By Stange Law Firm, PC on Tuesday, January 12, 2016.
One of the hardest parts of a divorce is telling your children about it. For them, this is a tragic and hard event in their lives. Kids always want to see their parents stay together and to work through it. But sometimes that’s not an option, and the breaking the news of the divorce can be extremely devastating.
In some instances of a divorce, the kids may have seen this coming if there was constant arguing and fighting. In other cases, the kids may feel as if the divorce came out of nowhere. In either instances, the effected of the divorce can be equally devastating for the kids.
There are a lot of things that parents should not say. Starting out, the parents should not say bad things about the other parent to children. Additionally, they should not make their kids feel like they should bear any guilt for the divorce. Lastly, they should never put the children in the middle of the divorce, or as the kids to take either side. All of these can have a devastating effect on the children.
So, that brings up the questions: what exactly should the parents say to the children? What’s okay and what’s not? The responses are going to vary in certain respects based on each divorce circumstance. It can also be very helpful to speak with a child psychologist and/or counselor about the appropriate things to say and not to say. This is something that should all be done before the divorce talk with your children.

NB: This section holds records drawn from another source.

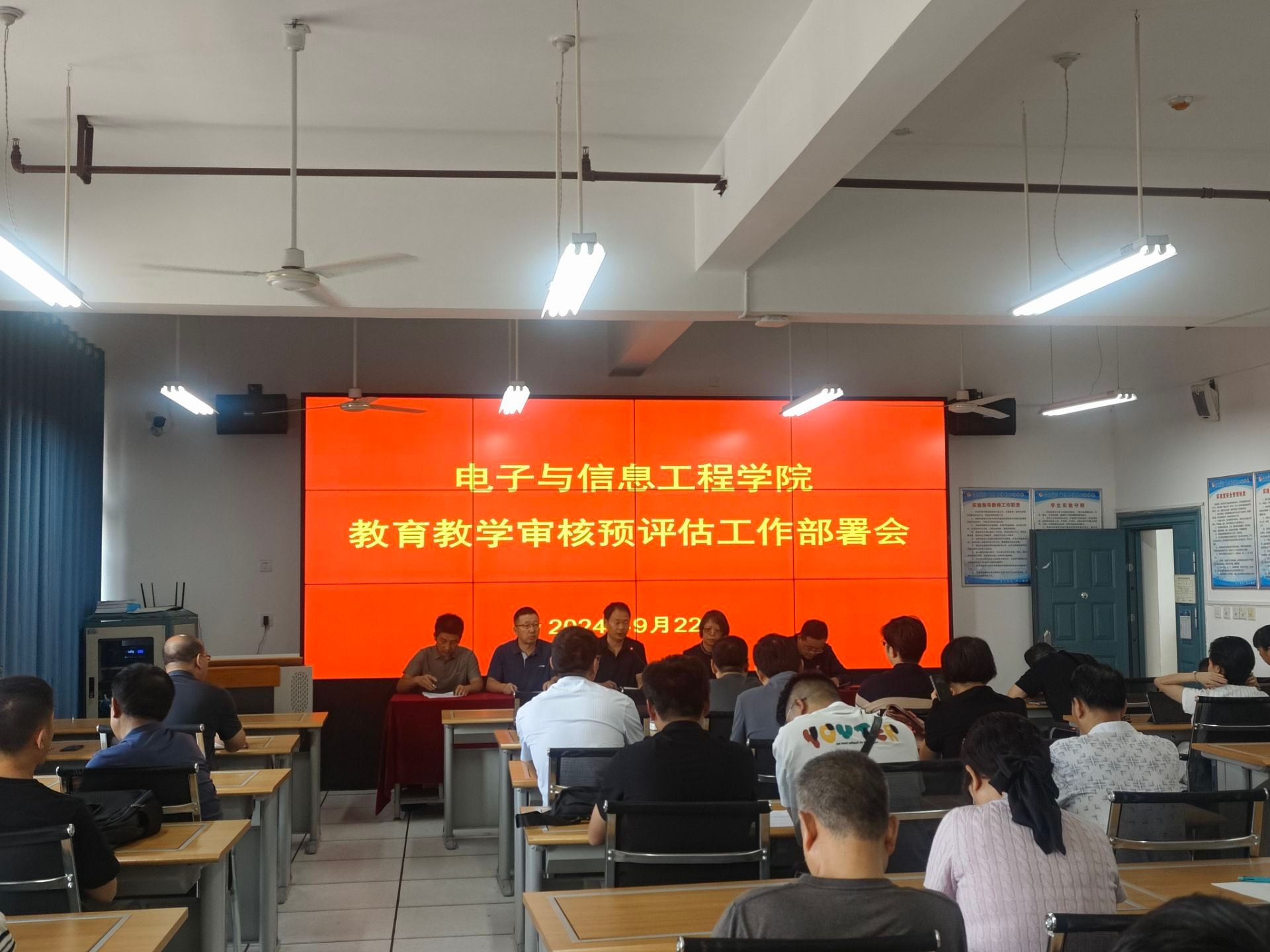 9月22日上午9:00电信学院在逸夫科技楼B602室召开迎接学校教育教学审核预评估工作部署会。会议由院长陈守满主持,电信学院全体教职工参加会议。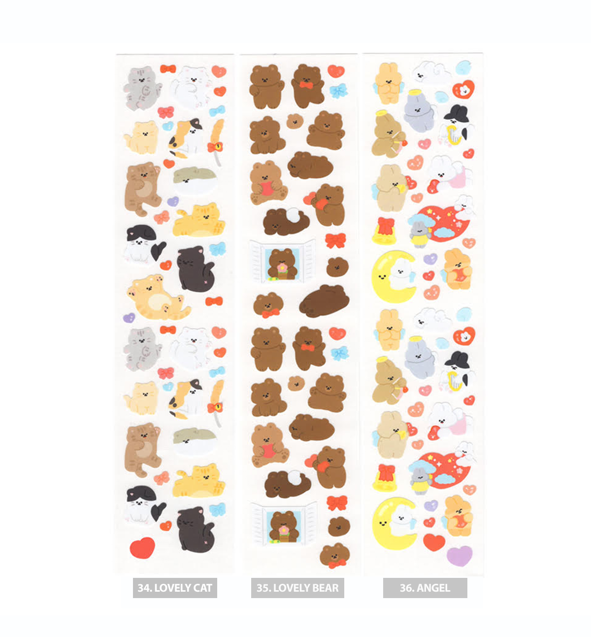 This beautiful Seal Stickers Deco comes in 10 different designs: 31. Dino, 32. Squirrel, 33. Dog Face, 34. Lovely Cat, 35. Lovely Bear, 36. Angel, 37. Doggy, 38. Bad Day, 39. Alligator and 40. Rabbit.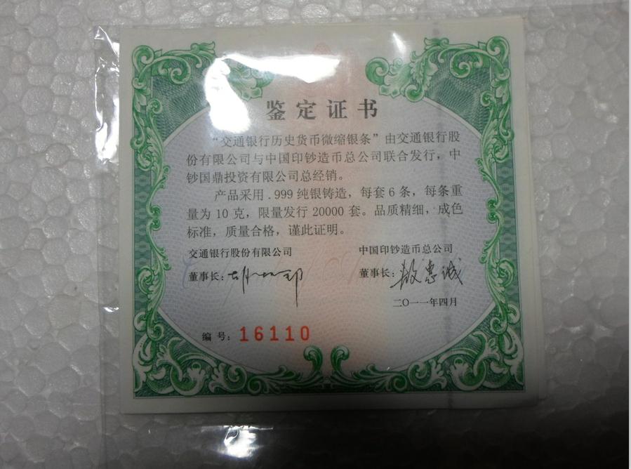 求交通銀行微型貨幣小銀條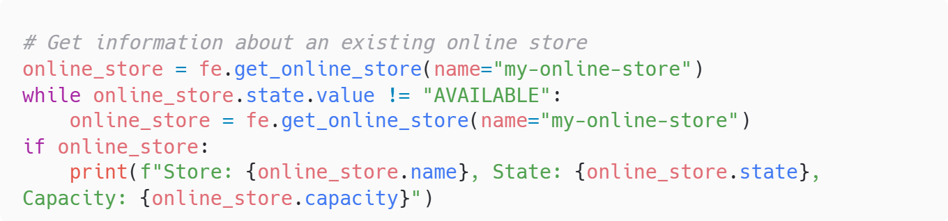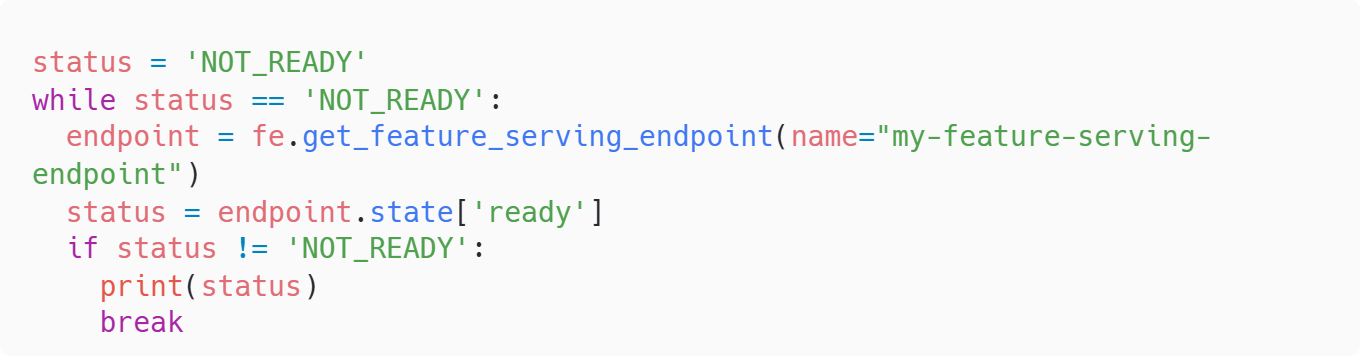 As with the store, we wait until the endpoint reports a READY state before trying it out. Again, if you’re putting this in CI/CD or a scheduled job, add a timeout and sensible error handling. Nothing worse than a job that waits forever and blocks your deployment window.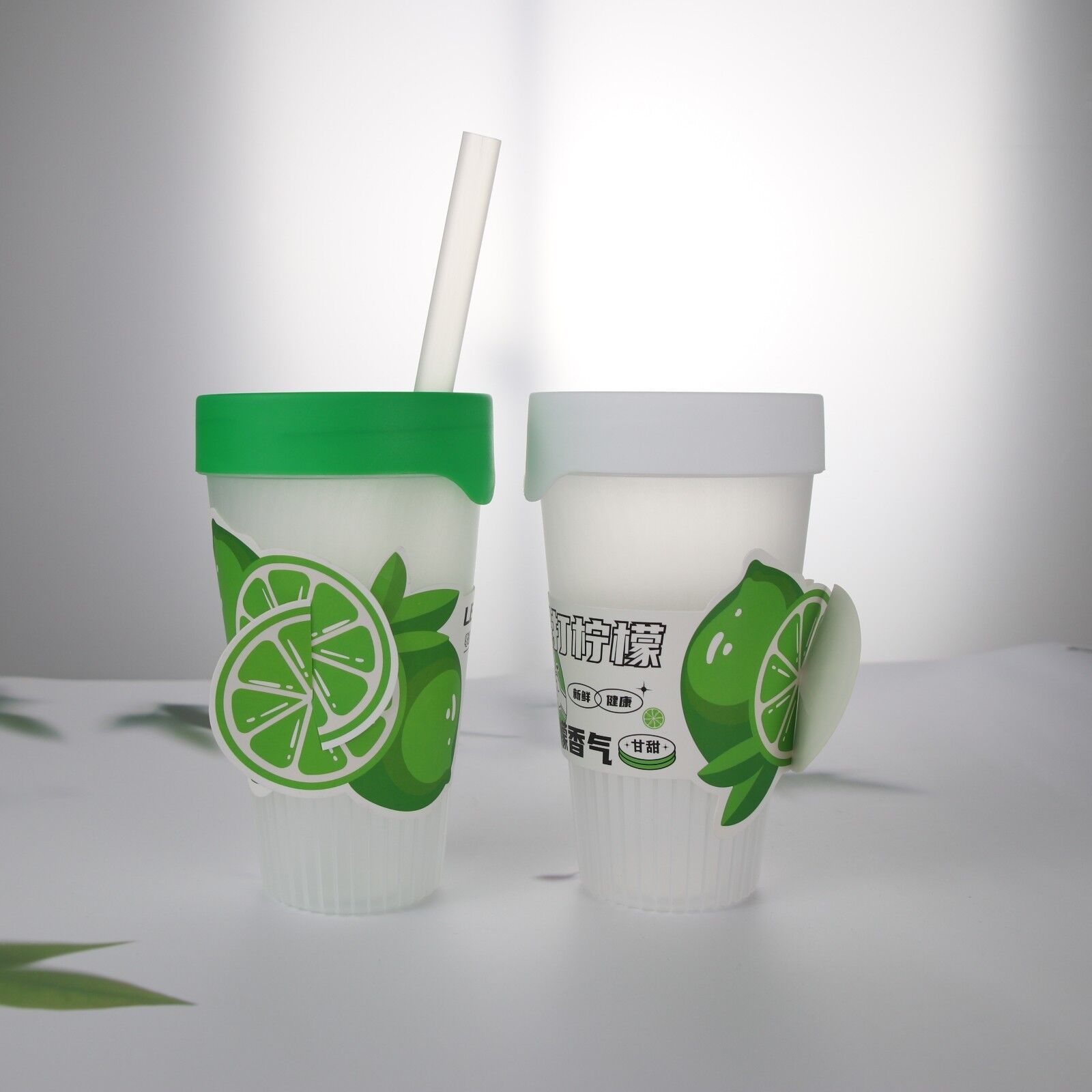 メーカー直供楽楽杯600ml耐高温縦紋ppミルクティーカップ網赤外線販売手レモンジュースカップ

But things that are universally okay to tell children is this: Tell your children that you love them. Tell your children that it isn’t their fault. Tell your children that they don’t have to choose between their parents. And, ultimately, tell your kids that it’s going to be okay.
But one thing is for certain that is always okay to tell them: Let them know how loved they are by the both of you. Tell them it isn’t their fault. Tell them there is no reason to choose a parent. And, ultimately, tell them that everything is going to be okay.